## Work required
The entries below contain pictures, which are to be left out; write out exactly, and only, the lines from the line with "BLACK/WHITE FLAP LEATHER KNEE-LENGTH SHORTS" up to and including the line with "Особенностью этого проекта".

Records excerpted from a collection:

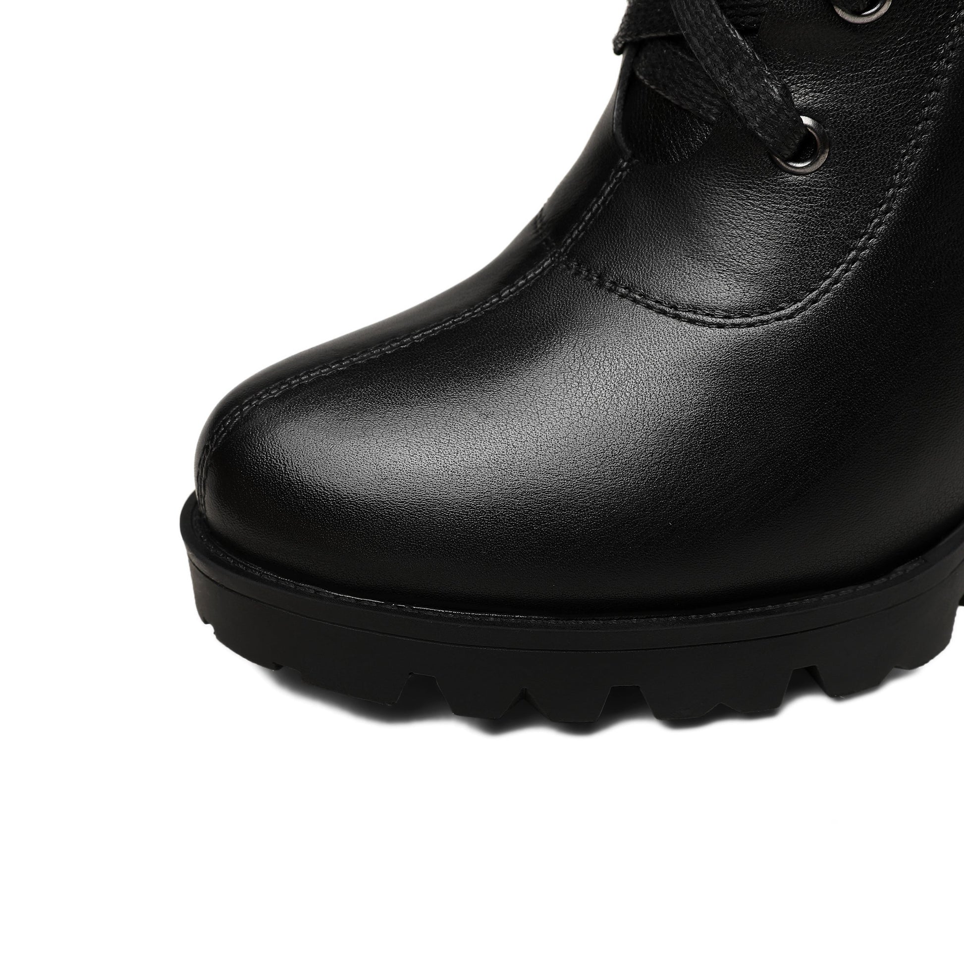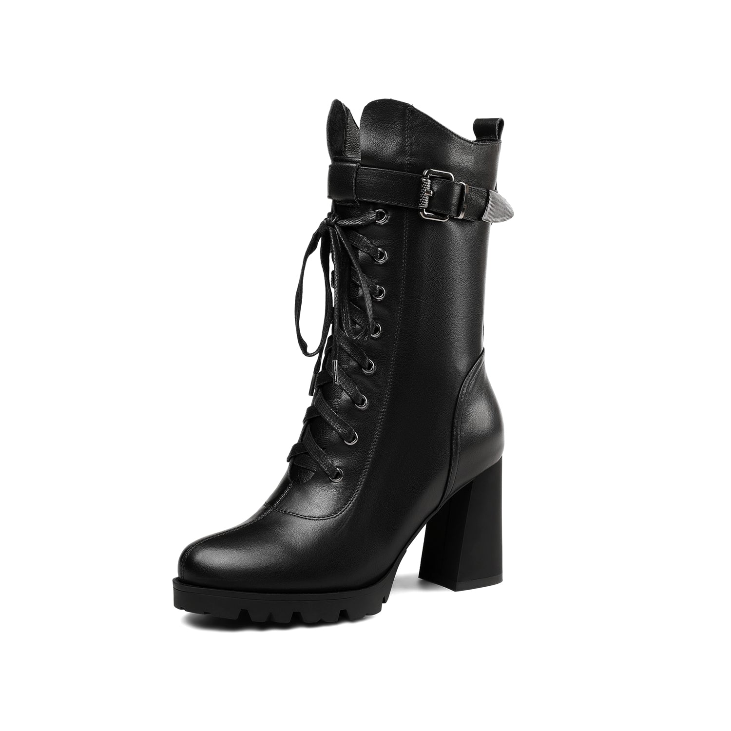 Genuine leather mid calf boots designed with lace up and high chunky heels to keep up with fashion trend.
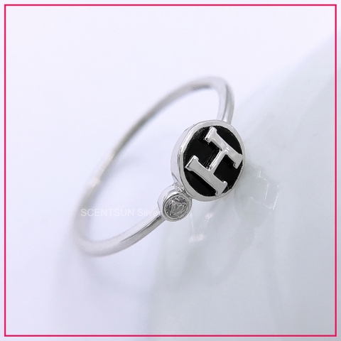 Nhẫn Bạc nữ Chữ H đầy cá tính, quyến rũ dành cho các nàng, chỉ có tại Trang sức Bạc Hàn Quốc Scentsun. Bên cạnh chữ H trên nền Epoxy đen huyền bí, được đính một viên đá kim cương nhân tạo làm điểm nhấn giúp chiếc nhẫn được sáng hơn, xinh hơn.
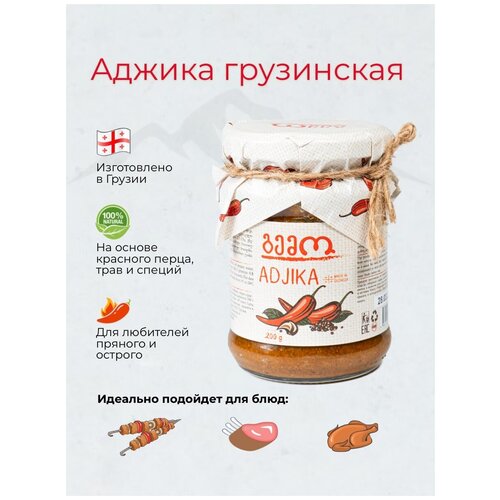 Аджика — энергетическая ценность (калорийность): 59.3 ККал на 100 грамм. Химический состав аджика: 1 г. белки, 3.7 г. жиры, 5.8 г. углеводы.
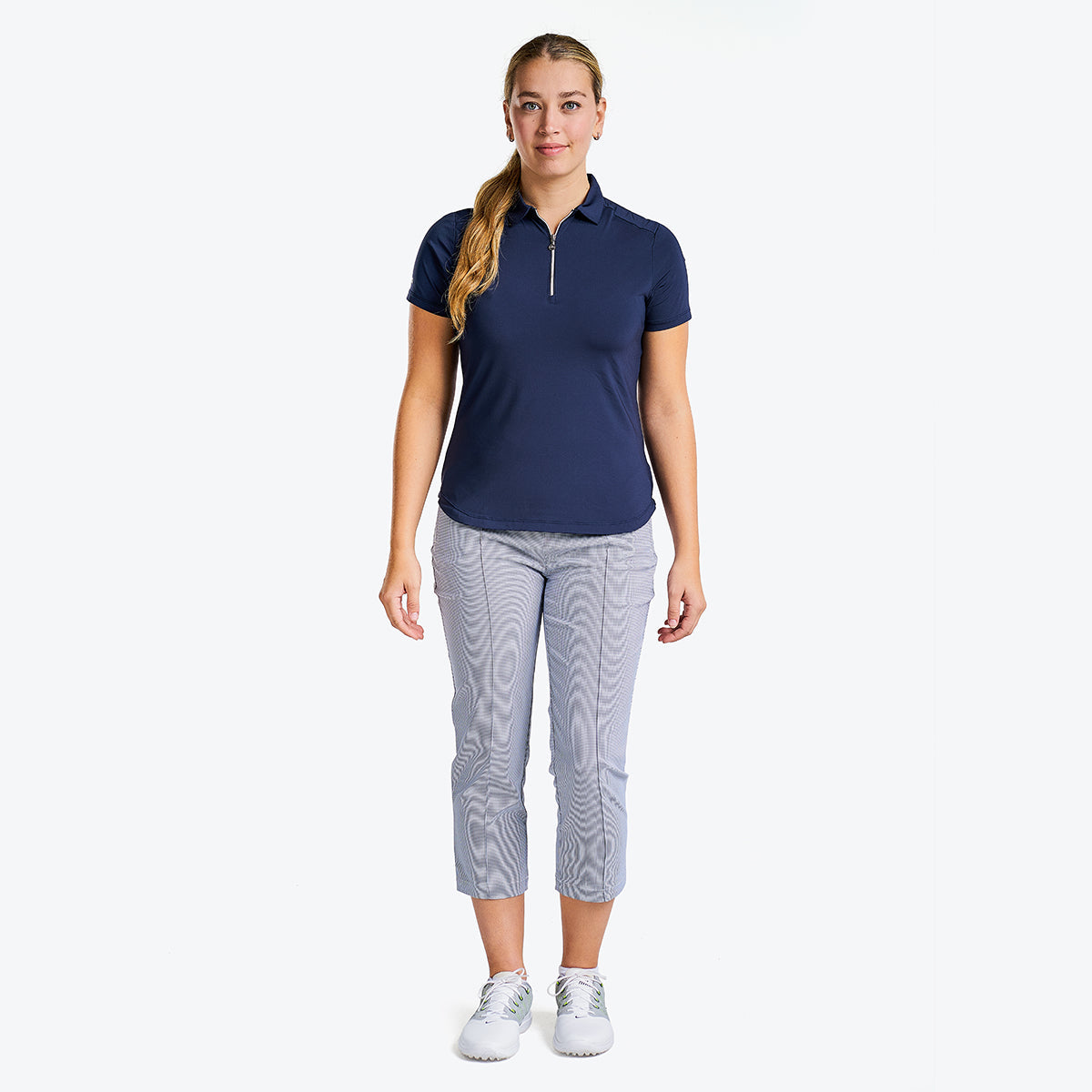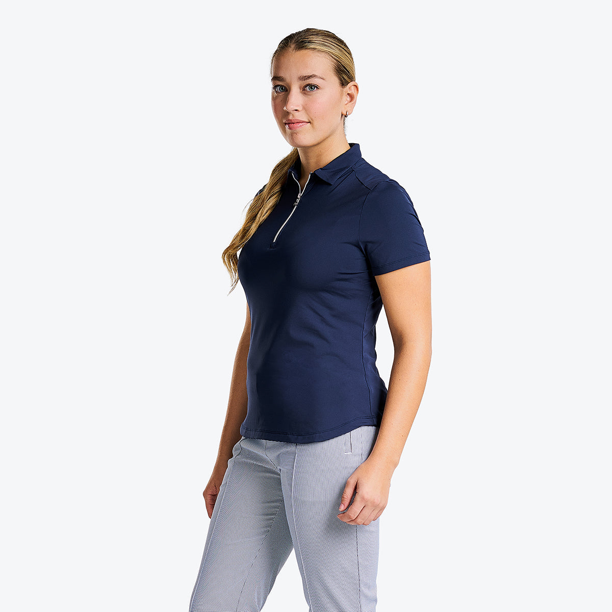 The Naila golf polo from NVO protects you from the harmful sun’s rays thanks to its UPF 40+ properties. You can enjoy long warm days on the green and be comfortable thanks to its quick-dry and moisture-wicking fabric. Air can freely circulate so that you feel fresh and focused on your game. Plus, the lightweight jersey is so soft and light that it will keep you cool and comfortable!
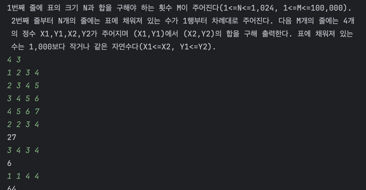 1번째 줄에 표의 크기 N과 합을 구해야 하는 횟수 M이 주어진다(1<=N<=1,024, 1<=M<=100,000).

* * *

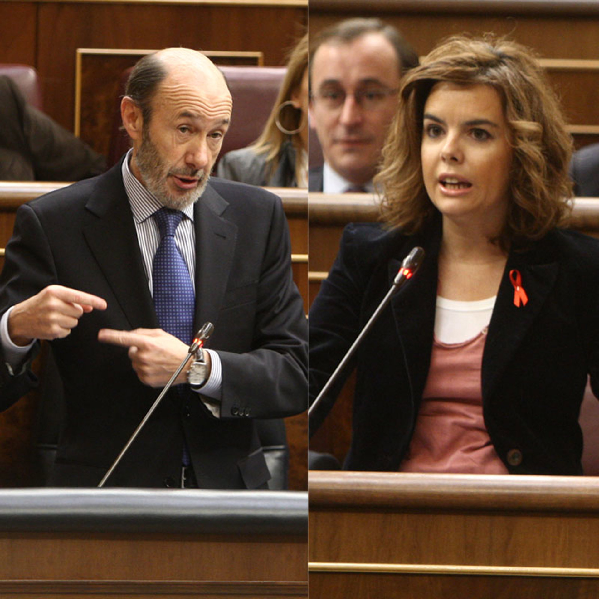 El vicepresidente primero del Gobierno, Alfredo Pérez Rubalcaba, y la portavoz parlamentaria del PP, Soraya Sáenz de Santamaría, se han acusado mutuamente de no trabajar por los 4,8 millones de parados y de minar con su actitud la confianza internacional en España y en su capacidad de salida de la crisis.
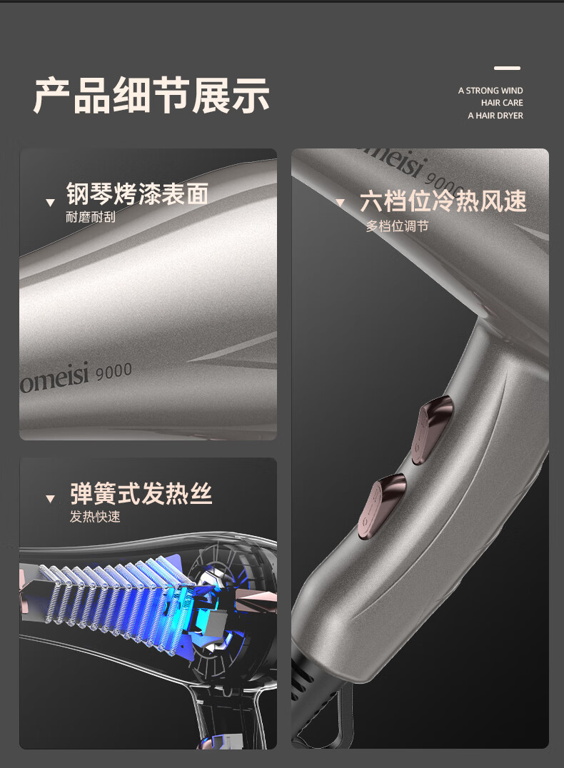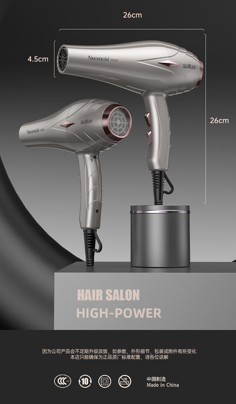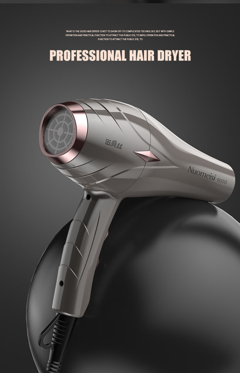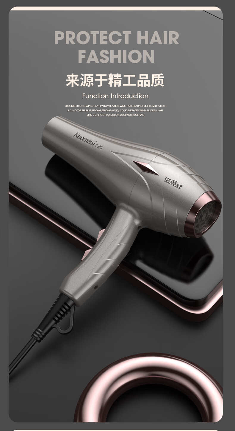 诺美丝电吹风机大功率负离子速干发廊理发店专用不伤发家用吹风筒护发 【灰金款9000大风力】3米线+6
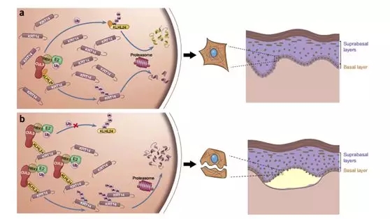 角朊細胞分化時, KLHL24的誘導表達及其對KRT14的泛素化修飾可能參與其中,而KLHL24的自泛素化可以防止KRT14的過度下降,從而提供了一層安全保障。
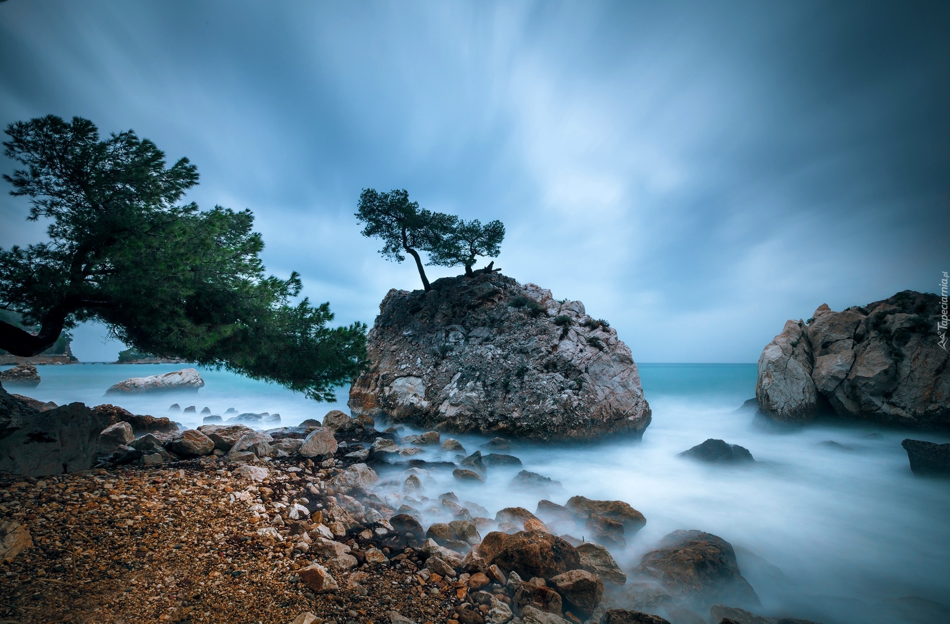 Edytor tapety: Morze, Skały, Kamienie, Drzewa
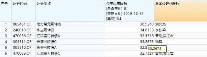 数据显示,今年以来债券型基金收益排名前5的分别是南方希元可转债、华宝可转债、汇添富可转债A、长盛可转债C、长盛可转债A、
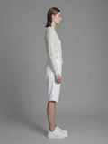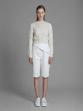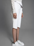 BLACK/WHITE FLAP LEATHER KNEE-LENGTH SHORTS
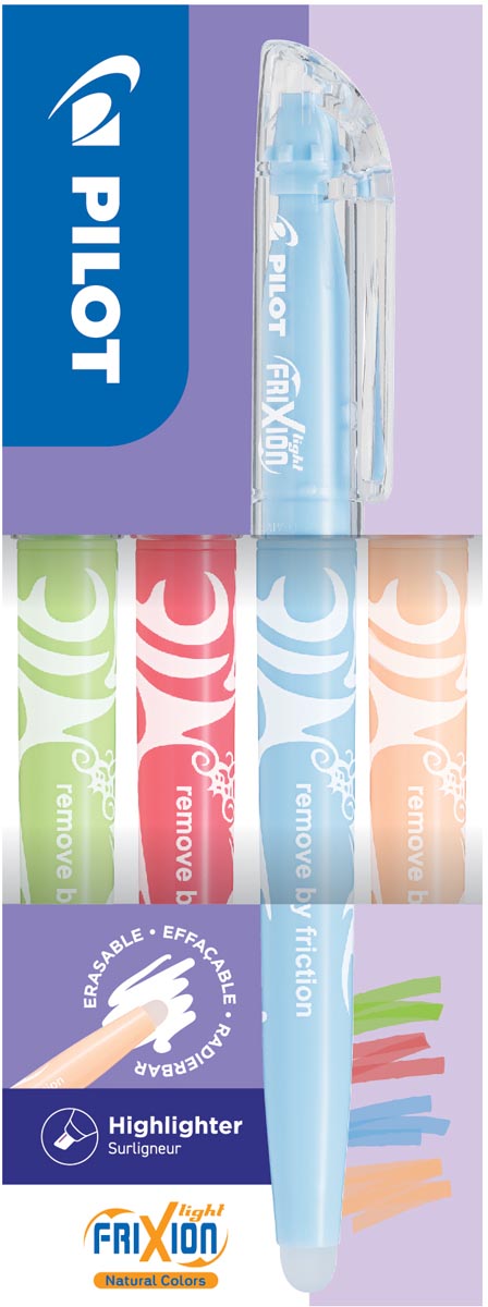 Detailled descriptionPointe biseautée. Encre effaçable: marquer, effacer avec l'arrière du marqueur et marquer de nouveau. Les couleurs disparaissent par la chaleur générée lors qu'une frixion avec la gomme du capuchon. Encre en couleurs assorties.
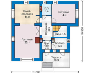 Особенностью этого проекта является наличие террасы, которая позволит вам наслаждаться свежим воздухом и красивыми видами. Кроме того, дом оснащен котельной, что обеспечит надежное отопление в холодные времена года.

## Answer box
 BLACK/WHITE FLAP LEATHER KNEE-LENGTH SHORTS
 Detailled descriptionPointe biseautée. Encre effaçable: marquer, effacer avec l'arrière du marqueur et marquer de nouveau. Les couleurs disparaissent par la chaleur générée lors qu'une frixion avec la gomme du capuchon. Encre en couleurs assorties.
 Особенностью этого проекта является наличие террасы, которая позволит вам наслаждаться свежим воздухом и красивыми видами. Кроме того, дом оснащен котельной, что обеспечит надежное отопление в холодные времена года.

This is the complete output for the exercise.